Equity curves of the long, short, and combined models of the PMS. The left and right figures are for PMS_CNN (left) and PMS_RNN (right) systems

The second row in Table 4 presents the indicators of PMS_RNN when applied TW50. PMS_RNN-Long achieved better results than that of PMS_RNN-Short regardless of the indicator, which indicated that the portfolio could achieve higher profitability with lower risk. The Sharpe ratio and PF of PMS_RNN-Long (57.117% and 1.38457) are superior to those of the PMS_RNN-Short model (12.404% and 0.34015). In terms of risk, the MDD of the long model was 60% lower than that of the short model. Note that drawdown represents the scale of asset loss, such that a larger drawdown indicates a larger asset loss within a given trading period.
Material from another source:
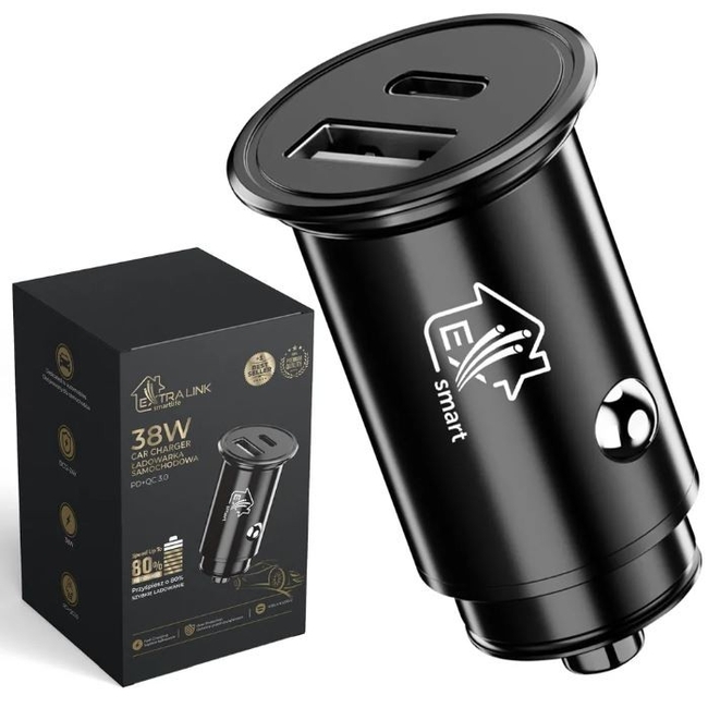Φορτιστής Αυτοκινήτου Extralink ?adowarka Do Samochodu Smart Life 38w, 1x Usb-C, 1x Usb-A Czarna

In the PMS_CNN and PMS_RNN systems, the short models always resulted in greater risk and MDD. These results are in line with empirical experience, in which a short position always entails greater risk. Our experiment results indicate that PMS_CNN-Combine outperformed all of the other systems in terms of total return, Sharpe ratio, and PF. In the end, investors are free to choose a system in accordance with their risk tolerance and expected returns.
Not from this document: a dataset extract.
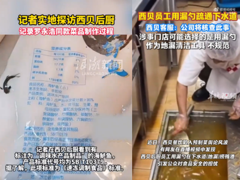 9月12日起,中國藍新聞、百姓315等多家媒體紛紛實地直播探訪各地西貝門店,先后曝出西貝門店后廚使用電磁爐而無明火灶;餐品原材料使用多種保質(zhì)期數(shù)月以上的冷凍食材,包括用于制作兒童餐的“速凍西藍花”、生產(chǎn)自2024年9月的“凍羊腿”、含食品添加劑的“凍海鱸魚”;部分餐品使用轉(zhuǎn)基因大豆油等后廚情況。此外媒體直播還顯示,西貝員工疑似使用廚具漏勺打撈疏通下水道。

4.3 Comparison of latest research

Three state-of-art and highly cited papers are compared with our systems and listed in Table 5. All papers adopt RL to form a portfolio on different markets, reward functions and network design. Jiang 2017 Conf. and Jiang 2017 arXiv the performance of designed CNN agent from [21, 22], Almahdi 2017 is the performance of Calmar-RRL from [23] (without stop-loss model and with transaction cost the same as ours). Since comparing models on different markets, we only list indicators that can be compared between trading performance on different datasets, namely the Sharpe ratio (measures the trade-off between profit and risk) and MDD (measures the risk).

Table 5 Performance indicators of state-of-art researches

Jiang’s works focus on high-frequency trading and high volatility markets, aiming to pursue extraordinary profits (reword function of trading return), but ignores trading risks. Compared with Jiang’s performance, since we focus on the stableness of trading (reward function of Sharpe ratio), our proposed systems have significantly better Sharpe ratio and MDD. As for Jiang’s work, the transaction frequency of their model is much lower, with only 221 transactions in two years (about half of our transactions), and their goal is to optimize risk and return at the same time. Therefore, they have a higher Sharpe ratio, but due to the implementation of the EMN strategy in our systems, we still have the lowest drawdown risk, MDD.
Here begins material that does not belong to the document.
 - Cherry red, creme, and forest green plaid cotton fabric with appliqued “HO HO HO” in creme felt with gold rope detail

4.4 Scalability of proposed PMS

In real-world application, industries have obtained varied stock attributes. Thus, the scalability of the proposed PMS in various industries (datasets) is then verified and shown in Fig. 5. Also, the trading performance with three benchmark strategies such as symmetrical, momentum, and contrarian are then compared Under the symmetrical strategy, a uniform constant rebalanced portfolio (UCRP) [27] is created to rebalance a portfolio using a constant weight, such that long and short positions are nearly symmetrical. Under the momentum strategy, Winner [28, 29], investors long the stock with the biggest rise the day before, and short the stock with biggest decline the day before. Under the contrarian strategy, Loser [28, 29], the investor longs the stock with biggest decline the day before, and shorts the stock with biggest rise the day before.

Fig. 5
figure 5

Equity curves of strategies and systems in different industries

We first trained the system on TW50 dataset, test and build the specific portfolios to various industries. The TW50 includes three major industries such as traditional, financial, and electronics. Stocks with ID of 1101, 1102, 1216, 1301, 1303, 1326, 1402, 2002, 2105, and 2207 are classified as the traditional industry. Stocks with ID of 2801, 2823, 2880, 2881, 2882, 2883, 2884, 2885, 2886, 2887, 2888, 2890, 2891, 2892, 5876, and 5880 belong to the financial industry. Stocks with ID of 2301, 2357, 2382, 2395, 4938, 3045, 4904, 2308, 2327, 2317, 2474, and 3008 are the electronics industry.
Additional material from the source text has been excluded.